Chap wrote: ↑Thu Apr 28, 2022 11:01 am
Let us try to clarify the situation in relation to the question of gender and transgender identity. We can take it step by step as follows.
A: The initial big picture (but too crude to use nowadays)
At birth it is simple to identify who is a girl and who is a boys. You just look at the genitalia, and it is obvious. If you do a chromosome check, you will find that the girls have two X chromosomes, and the boys have an X and a Y. The girls grow into women, and the boys into men.
B: A developmental complication: (but not really relevant to this thread)
In about 1% of cases the baby has somewhat abnormal genitalia, but is still clearly a somewhat abnormally developed girl or boy. In 0.1-0.2% of cases, the genitals are abnormal enough to make it difficult to tell:
https://www.childrensmn.org/services/ca ... genitalia/
This is not however very relevant to transgender identity as nowadays discussed.
C: Taking account of the transgender issue.

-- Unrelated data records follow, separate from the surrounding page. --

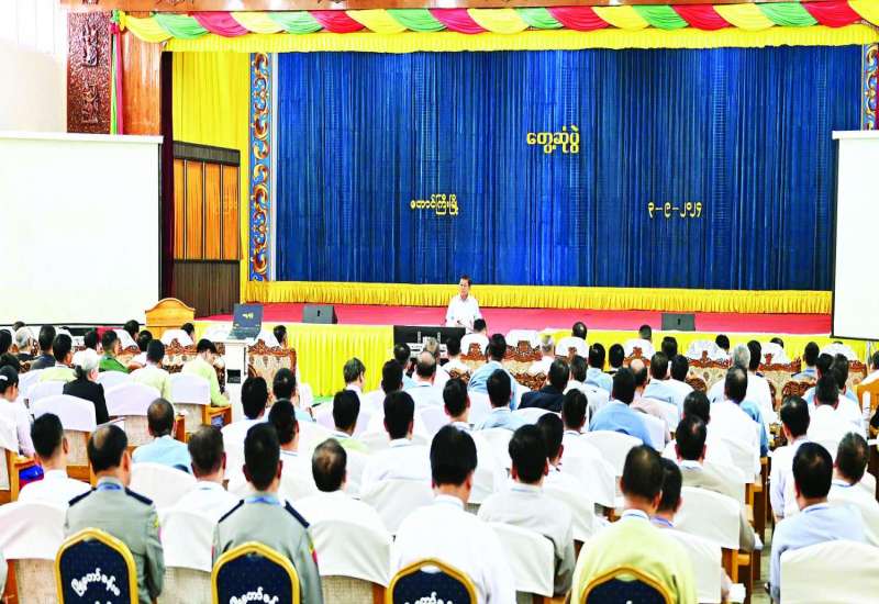 နိုင်ငံတော်စီမံအုပ်ချုပ်ရေးကောင်စီဥက္ကဋ္ဌ နိုင်ငံတော်ဝန်ကြီးချုပ် ဗိုလ်ချုပ်မှူးကြီး မင်းအောင်လှိုင်သည် ယနေ့နံနက်ပိုင်းတွင် ရှမ်းပြည်နယ်အစိုးရအဖွဲ့ဝင်များ၊ ပြည်နယ်နှင့် ခရိုင်အဆင့် ဌာနဆိုင်ရာတာဝန်ရှိသူများအား တောင်ကြီးမြို့၊ မြို့တော်ခန်းမ၌ တွေ့ဆုံအမှာစကားပြောကြားသည်။
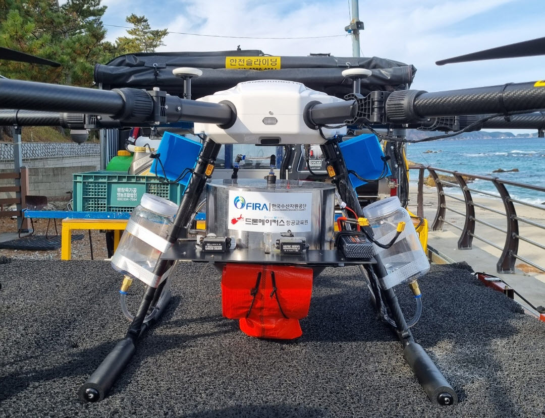 A special purpose drone developed through technical cooperation with the Korea Fisheries Resources Corporation. A drone that moves and discharges cheepae with low survival rates to the correct point favorable to habitat after discharge
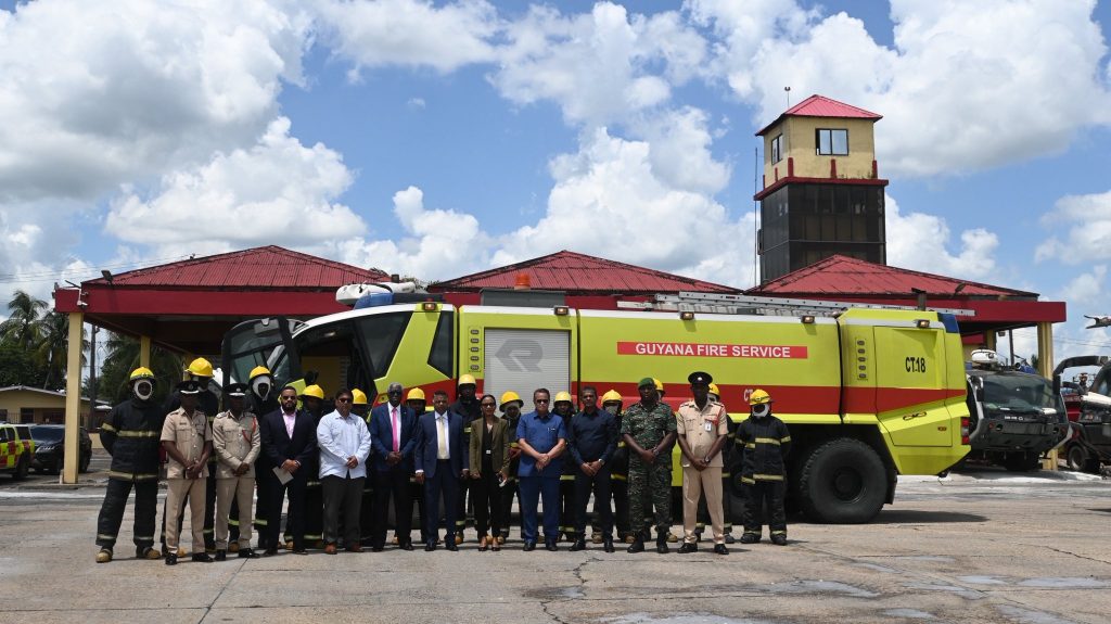 Minister of Home Affairs, Oneidge Walrond on October 13, 2025 said following a high-level meeting with aviation and security stakeholders on that date that she, along with Minister of Aviation Deodat Indar, and key officials, visited the Timehri Fire Station to “assess its operational readiness and ensure that our firefighters are fully equipped to safeguard operations at the nation’s main airport.”
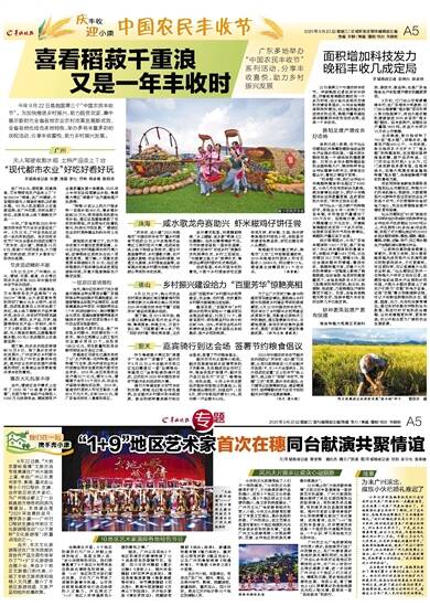 羊城晚报记者 张豪 周聪 罗仕 符畅 柳卓楠 郭思琦 在广州从化,荔枝蜜、流溪娟鱼、艾米等特色农产品走上了“T台SHOW”表演;在广州增城,千亩稻田里无人驾驶收割机正收割水稻, 5G无人
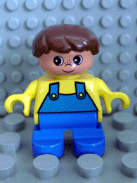 Duplo, Brick 2 x 2 x 1 1/2 Slope 45 with Blue Computer Screen and White Buttons on Yellow Background Pattern |
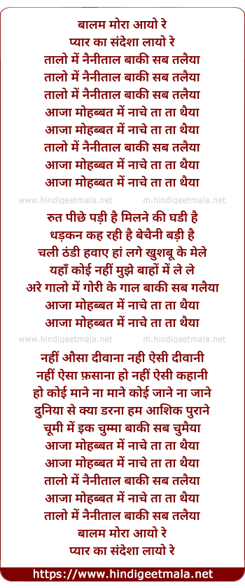 Lyrics of Baalam Moraa Aayo Re - बालम मोरा आयो रे
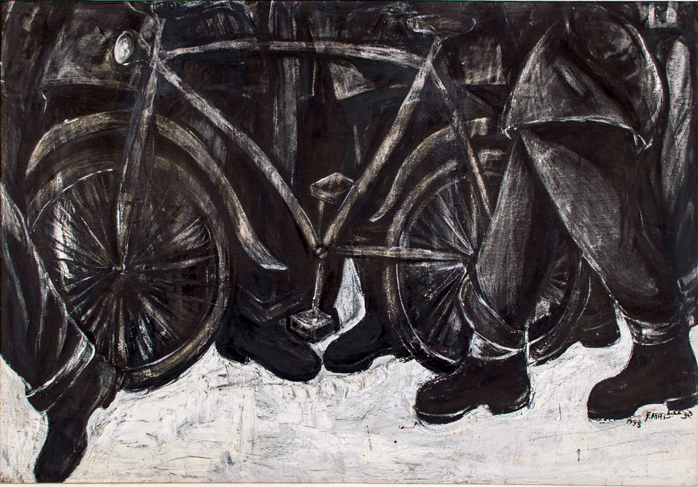 “ما حكاية الدرَّاجة معك؟!”، فقال ضاحكًا: “حينما عملت في المصنع الحربي منحوني درَّاجة مثل غيري من العمَّال، توفيرًا لنفقات المواصلات. كنت أستقلها كلَّ صباح من بيتي في السيدة زينب إلى المصنع على كورنيش المعادي، وبالعكس، فصارت جزءًا مني، وأيضًا جزءًا من لوحاتي. كأن الإنسان يولد بدرَّاجة”.
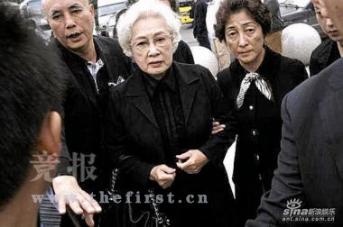 大廳內(nèi)的墻上掛著謝導(dǎo)的遺像,謝晉的遺體邊遍布鮮花,老人戴著眼鏡,就好像睡著了一般,旁邊還放著他最鐘愛的一頂帽子。一點(diǎn)十分左右,謝晉妻子徐大雯和其小兒子阿四到達(dá)追悼會(huì)現(xiàn)場(chǎng),強(qiáng)掩住內(nèi)心的悲傷,送謝導(dǎo)最后一程。這幾天,徐大雯堅(jiān)持從醫(yī)院出來(lái),親自參與布置靈堂,盡管她剛剛安裝了心臟起搏器,精神狀態(tài)很不好。徐大雯這些天說得最多話是:“我不能倒,這個(gè)家總得有一個(gè)人撐著!弊蛉,一直表現(xiàn)堅(jiān)強(qiáng)的徐大雯顯得非常憔悴,頭發(fā)花白,走路蹣跚,對(duì)著謝晉的遺體說了不少話。
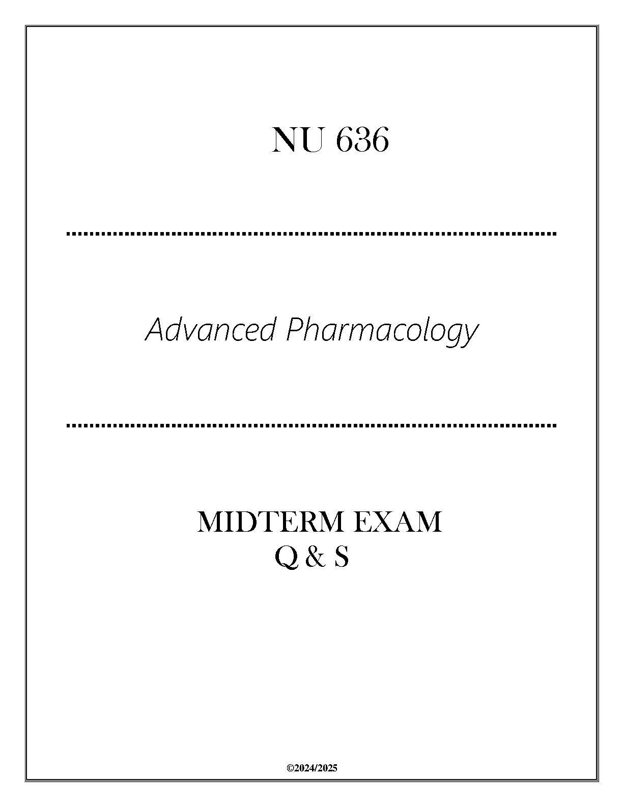 Prepare for your NU 636 Advanced Pharmacology Midterm Exam with this comprehensive Q&A resource. Designed for the 2024-2025 academic year, this study guide helps students achieve exam success and avoid resits.
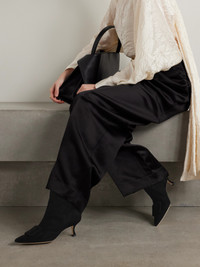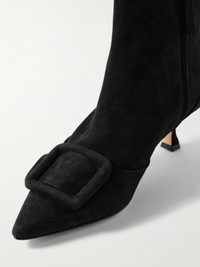There's no mistaking the distinctive buckle crowning Manolo Blahnik's 'Baylow' ankle boots. They've been crafted in Italy from plush suede, defined by a sharp point-toe profile and set on low fluted stiletto heels for an elegant amount of lift.
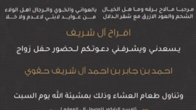 يتشرّف الأستاذ محمد بن أحمد محمد نهاري، والأستاذ أحمد بن علي موسى شاوش، بدعوتكم لحضور حفل زواج الشاب نزار بن…
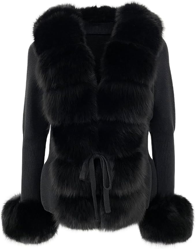 Strick-Cardigan mit breiter Faux-Fur-Blende vorn und Faux-Fur-Manschetten. Hüftlange Passform, Bindegürtel zur Taillenbetonung, elastischer Feinstrick an Rumpf und Ärmeln für Komfort.

In about 1% of the population, people are born with unambiguous genitals that enable them to be identified as a girl or as a boy, and those genitals match their chromosomes. However, as they grow up, they begin to make it plain by their behaviour or by their explicit statements about themselves that instead of being a girl (as identified at birth and by their normally developing genitalia and chromosomes), they consider themselves to be a boy, or vice versa. In what I have just written, the figure of 1% is deliberately taken from a source with no interest in minimising the data, so we can take it as a realistic maximum:
https://www.stonewall.org.uk/truth-about-trans
D: Finding a more useful terminology to talk about the issue
At this point, we will find it useful to adopt a more precise terminology that will enable us to talk about this issue with less confusion than is usually found in relevant discussions. We distinguish:
(1) Sex: Based on genitalia at birth and XX/XY chromosomes, we can easily classify all but about 1% (see (B) above) of human bodies as female or male. This is a matter of objective medical science.
(2) Gender: This is a social distinction, based on the roles people play in society, how they are recognised by others, and how they think about themselves. We may classify most people as being, in social terms women or men.
E: Talking about the trans issue:
In all but about 1% of cases (see (C) above), sex and gender correlate: possession of a body with female sex expresses in gender terms as identifying a person as a woman, and male sex expresses as identifying a person as a man. Overwhelmingly, what trans people want from the rest of us amounts to no more than saying:
"I was born with a female body, and my parents called me Mary and dressed me as a girl. However, I passionately wish to be recognised in gender terms as a boy/man, to call myself Mike, and to dress and be treated as a man."
"I was born with a male body, and my parents called me Mike and dressed me as a boy. However, I passionately wish to be recognised in gender terms as a girl/woman, to call myself Mary, and to dress and be treated as a woman."
F: Dealing with transgender people
In the overwhelming majority of cases, the 1% of the population (at most) who wish to live in a gender not usually associated with their birth sex simply want the rest of us to let them live normal lives in their preferred gender. They just ask, in effect, that we should be kind and tolerant, and let them live trouble-free existences, in which (most of the time) we shall not notice that the accountant, store clerk or taxi driver we meet has crossed from one gender to another (i.e. is "transgender"). Overwhelmingly, people being transgender causes the non-transgender 99% of the population no problem at all, and the accommodation needed is no more than (say) providing toilet or changing room accommodation that takes account of their otherwise not troublesome identity. And that is the decent and humane standpoint from which this issue should be approached.
G: Rare cases
Non transgender men are about 50% of the population. The overwhelming majority of violence and sexual assault against women is committed by non-transgender men. A very small proportion of the 1% of the population who are living transgender lives may act so as to be a threat to women, but mathematically the threat they pose is a minimal part of the dangers women face. All the same, it needs to be dealt with in the case of artificial environments such as prisons and women's refuges. But since we do not treat all non transgender men as a threat to society, there is no reason to treat the overwhelming majority of the 1% of people who are transgender as any kind of threat.
Such, at any rate, is the way I see things.